Therapies for diseases such as cancer, Alzheimer’s disease, and lupus have been significantly impacted by the introduction of biotherapeutics. These large molecule drugs include monoclonal antibodies (mAbs), antibody-drug conjugates (ADCs), and fusion proteins and have the ability to uniquely target specific biomarkers or processes instead of systemic action. For this reason, they are touted as more effective and potentially safer than conventional small molecule counterparts.
Because large molecule drug discovery and development is still maturing, systems to test and measure the safety and efficacy of a new biotherapeutic tend to better accommodate small molecule drugs. Defining optimal large molecule drug metabolism and pharmacokinetics (DMPK) characteristics, in particular, with tools that analyze biotherapeutic metabolism, behavior, and target binding in difficult matrices is important in determining the ideal drug dosage required to be effective in a certain population. The integration of more pointed technologies such as mass spectrometry (MS) has improved assay sensitivity, speed and accuracy, and quality of results, so much so that MS approaches have become a forerunner among biotherapeutic testing techniques that successfully determine the validity of a new large molecule drug.
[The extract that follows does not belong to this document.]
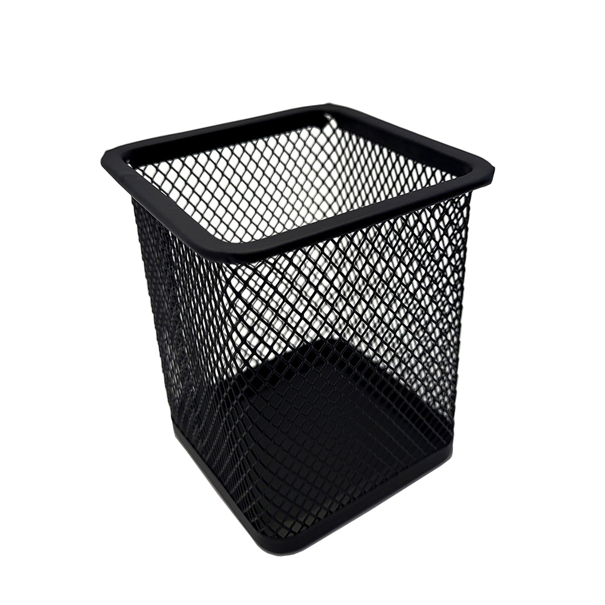 Organizator de birou cu formă pătrată, realizat din metal rezistent, ideal pentru păstrarea ordonată a pixurilor, creioanelor, markere-lor și altor instrumente de scris. Designul metalic perforat oferă un aspect modern și permite o bună vizibilitate a conținutului.

MS for effective DMPK studies
Once biotherapeutics are administered and circulate through the body, they will be metabolized, potentially modifying or even destroying drug potency. DMPK studies that focus on identifying drug molecule metabolites and monitoring the rate of molecule circulation can confirm that the drug is still effective and reaching its intended target. Yet, even though many large molecule drugs show efficacy in early drug discovery using in vitro cell-based platforms, these same drug candidates could be differentiated based on their DMPK profile when introduced into an in vivo system.
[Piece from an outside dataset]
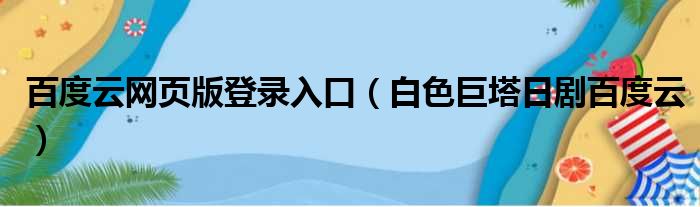大家好,小东方来为大家解答以上的问题。百度云网页版登录入口,白色巨塔日剧百度云这个很多人还不知道,现在让我们一起来看看吧!
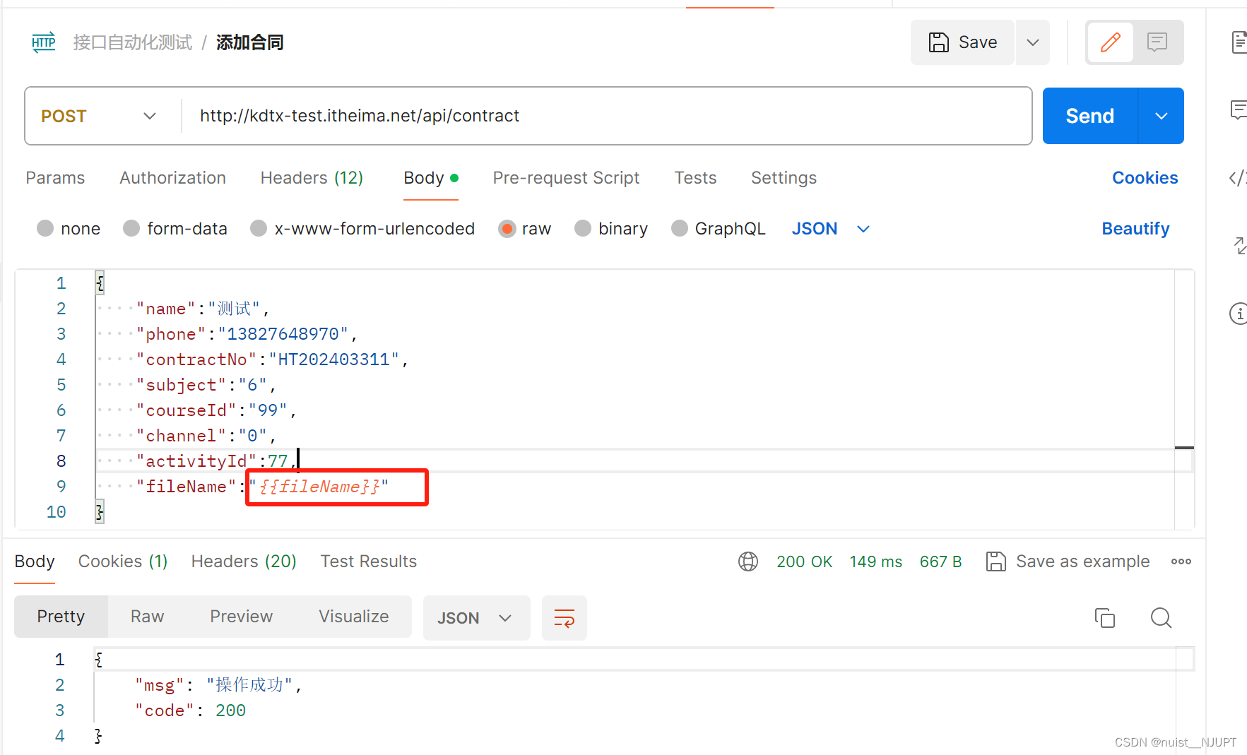 9.在添加合同接口中使用{{fileName}}引用合同上传接口中保存的环境变量。

“Because biotherapeutics have a larger chemical structure, they have a higher number of potential outcomes that can be observed when studying their DMPK profile. Understanding how these DMPK outcomes effect the specificity and potency of a large molecule drug will increase the chances of a drug discovery hit being advanced to a drug development candidate,” explains Stephen Kurzyniec, pharma biopharma sales specialist at Shimadzu Scientific Instruments.
Conventional tests such as ligand binding assays still tend to reign supreme for large molecule bioanalysis. However, advancements in MS techniques are more recently allowing large molecule drug developers to better identify multiple attributes that contribute to a drug’s effectiveness, even linking molecular details to function. With more complex structures, modern MS tools have made this process more effective, efficient, and reproducible, notes Kurzyniec.
Bringing together a wide variety of MS platforms that can be utilized in DMPK studies offers orthogonal analytical approaches required to get an accurate drug profile. Initial sample preparation is key with MS-based large molecule techniques to ensure proper results from complex matrices. Applying companion systems that can be used to automate and streamline the sample preparation process and can be directly connected to LC-MS/MS such as the Perfinity online protein digestion system and the CLAM-2000 (Clinical Lab Automation Module) provides the speed and precision for large molecule drug optimization. Shimadzu recommends their LC/MS/MS 8060 as highly effective in molecule quantitation in a wide variety of biological matrices or the new LC-MS 9030 Q-ToF, which can be used to obtain a range of large molecule structural details using high mass accuracy, high mass resolving power, and high signal sensitivity.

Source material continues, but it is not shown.